- **Directions for this task**
Output, exactly as written, the lines below starting at the line containing "La lonchera Sparkly" and ending at the line containing "我们以NAND闪存芯片为例,来说明一下这个问题,按照TrendForce发布的最新数据,一季度全球 NAND 闪存产业营收约为". Drop the pictures and keep both end lines.

- **Data extract**

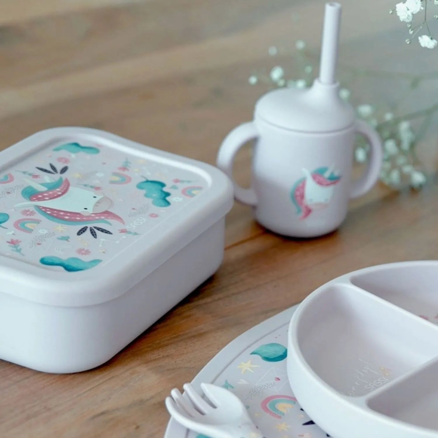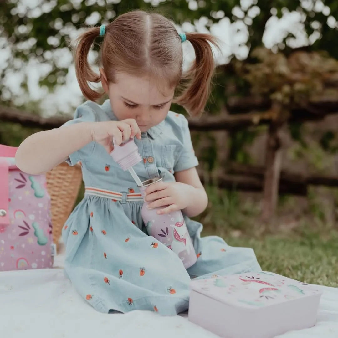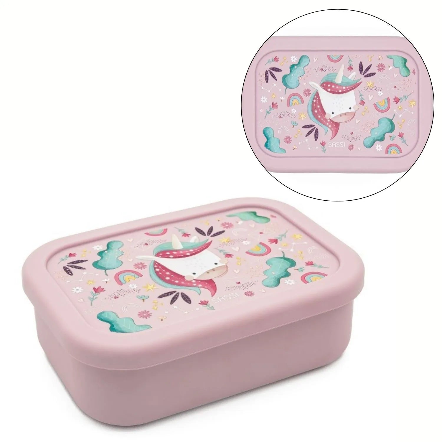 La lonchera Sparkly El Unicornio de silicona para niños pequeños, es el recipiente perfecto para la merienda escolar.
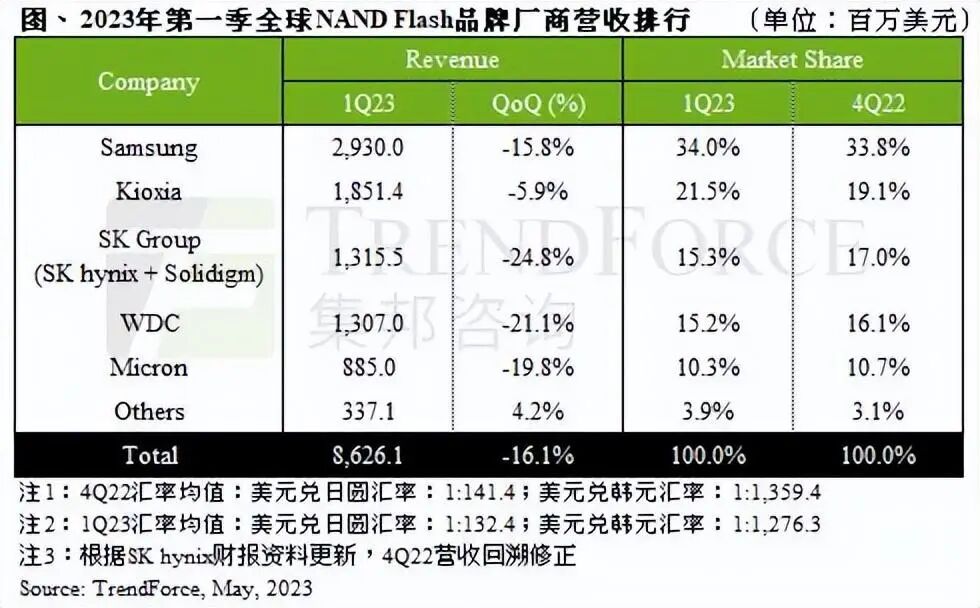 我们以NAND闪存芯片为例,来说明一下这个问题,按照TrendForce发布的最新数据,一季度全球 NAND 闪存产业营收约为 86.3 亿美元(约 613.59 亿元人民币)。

--

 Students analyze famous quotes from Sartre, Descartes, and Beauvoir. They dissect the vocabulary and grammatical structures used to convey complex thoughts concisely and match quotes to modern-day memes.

* * *

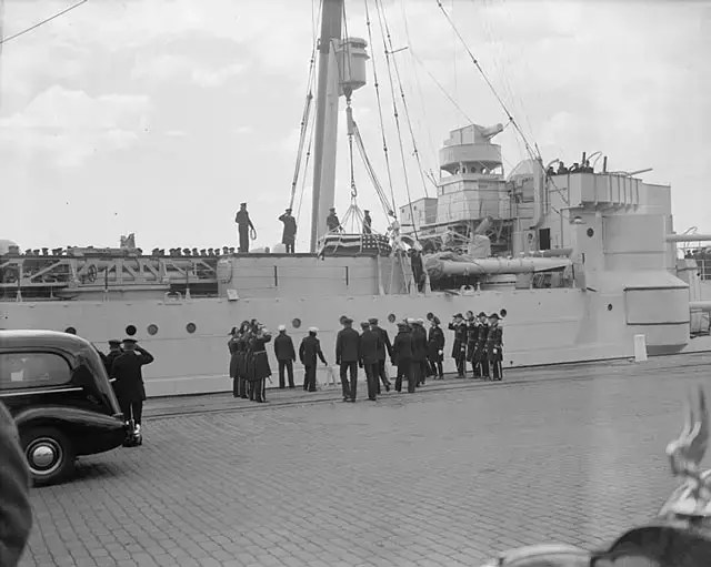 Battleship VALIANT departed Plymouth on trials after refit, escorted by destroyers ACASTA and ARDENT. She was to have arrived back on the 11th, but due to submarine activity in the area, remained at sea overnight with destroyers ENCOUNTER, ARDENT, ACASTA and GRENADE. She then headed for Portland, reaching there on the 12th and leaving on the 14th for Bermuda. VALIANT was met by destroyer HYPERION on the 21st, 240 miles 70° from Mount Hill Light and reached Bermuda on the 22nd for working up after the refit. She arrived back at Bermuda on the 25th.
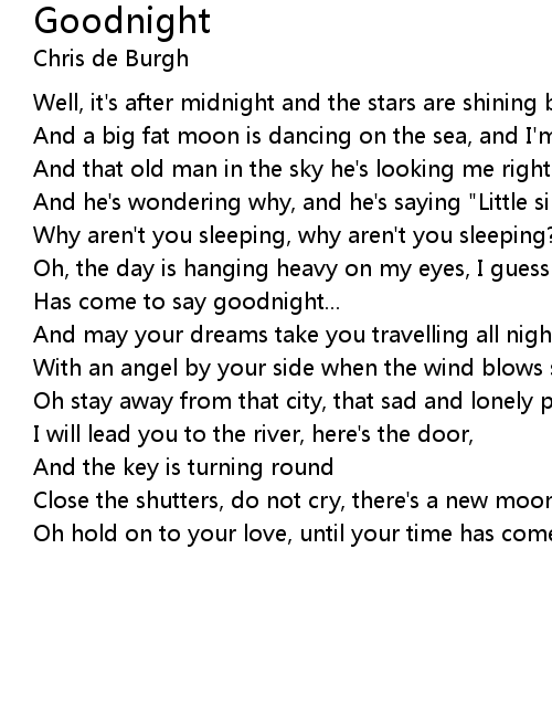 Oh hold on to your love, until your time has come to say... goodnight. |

- **Result of this task**
 La lonchera Sparkly El Unicornio de silicona para niños pequeños, es el recipiente perfecto para la merienda escolar.
 我们以NAND闪存芯片为例,来说明一下这个问题,按照TrendForce发布的最新数据,一季度全球 NAND 闪存产业营收约为 86.3 亿美元(约 613.59 亿元人民币)。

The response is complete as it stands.